(DATASET CONTENT)

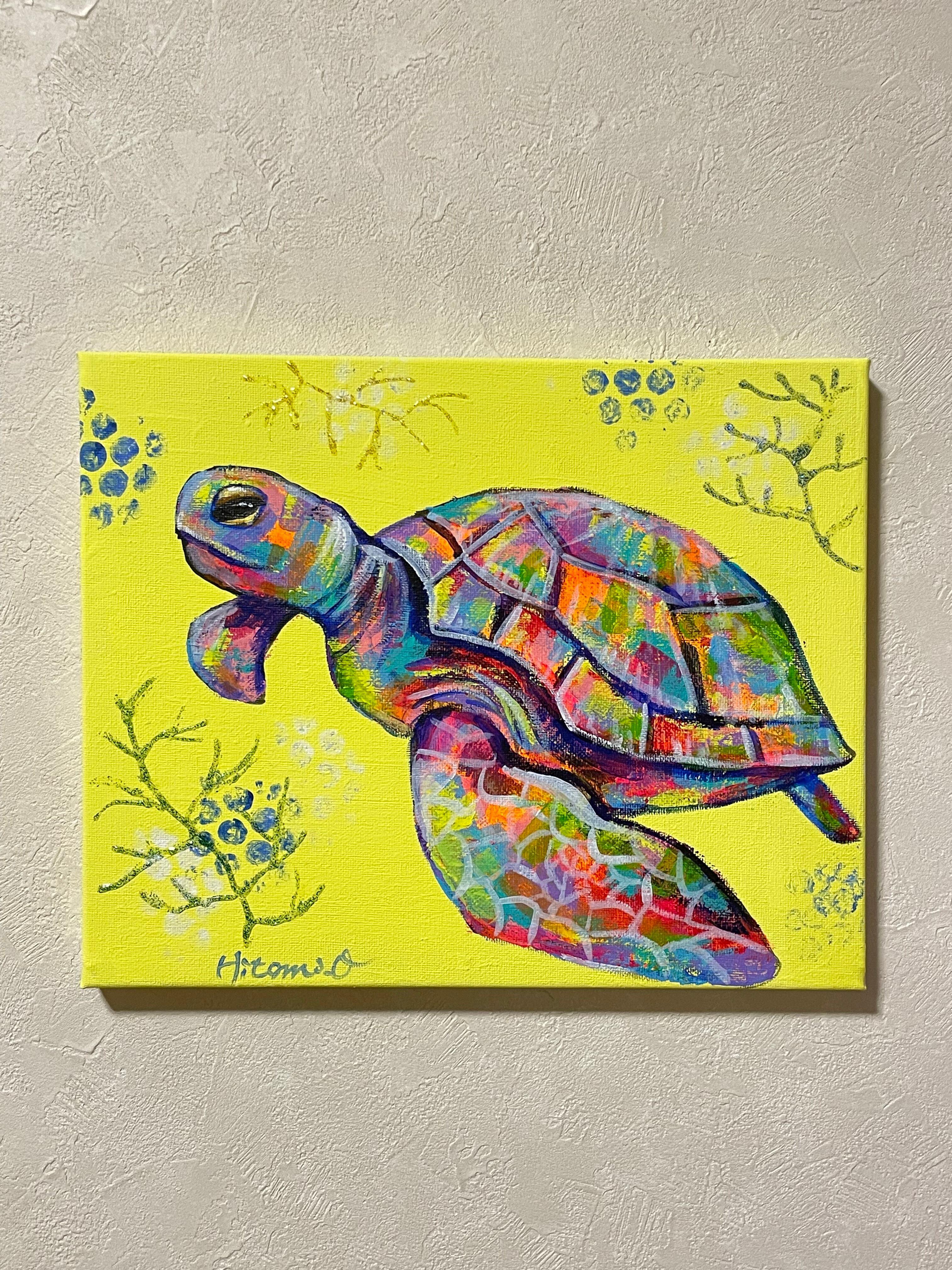 【A-127/24】動物画 ウミガメ 原画 絵画 現代アート キャンバス 真作 インテリア 作品証明書付 アート
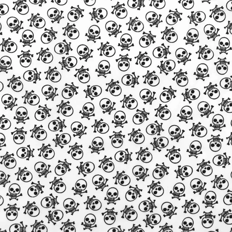 Tricoline Estampada - Caveira Fundo Branco - 100% Algodão - 1,50 Largura - Variante 1
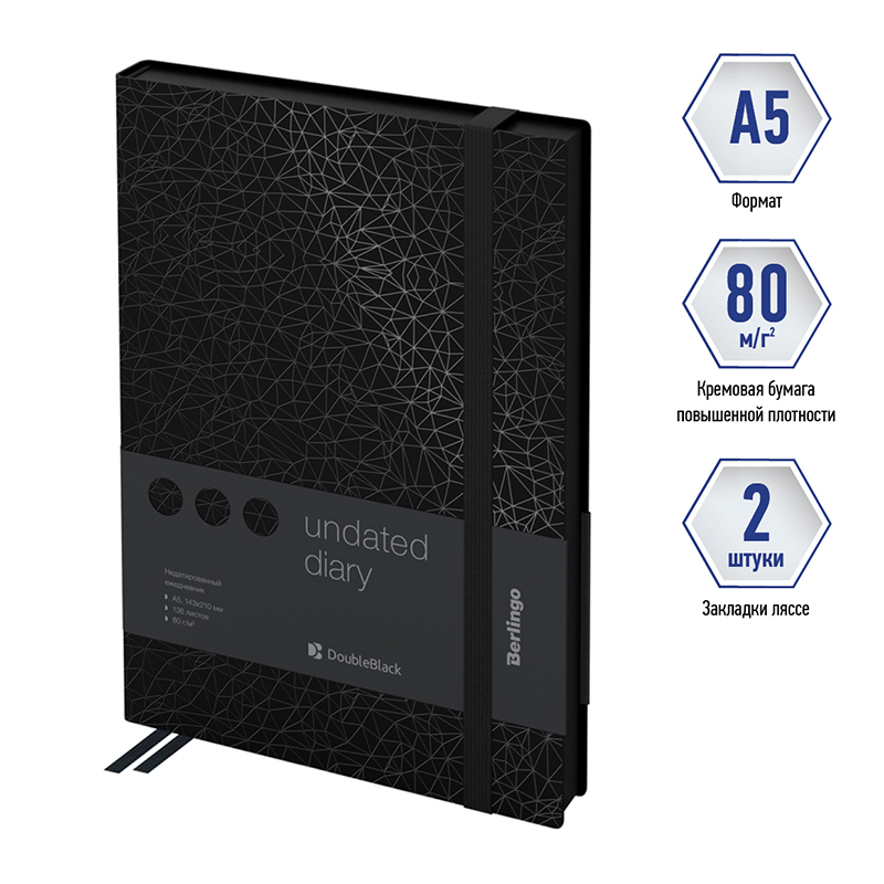 Ежедневник недатированный, А5, 136л., кожзам, Berlingo "DoubleBlack", черный срез, черный, с рисунком | Артикул: UD0_94503

(End DATASET CONTENT)

### YOUR TASK
Give the listing again word for word. Skip any pictures.

### RESPONSE TO THIS TASK
 【A-127/24】動物画 ウミガメ 原画 絵画 現代アート キャンバス 真作 インテリア 作品証明書付 アート
 Tricoline Estampada - Caveira Fundo Branco - 100% Algodão - 1,50 Largura - Variante 1
 Ежедневник недатированный, А5, 136л., кожзам, Berlingo "DoubleBlack", черный срез, черный, с рисунком | Артикул: UD0_94503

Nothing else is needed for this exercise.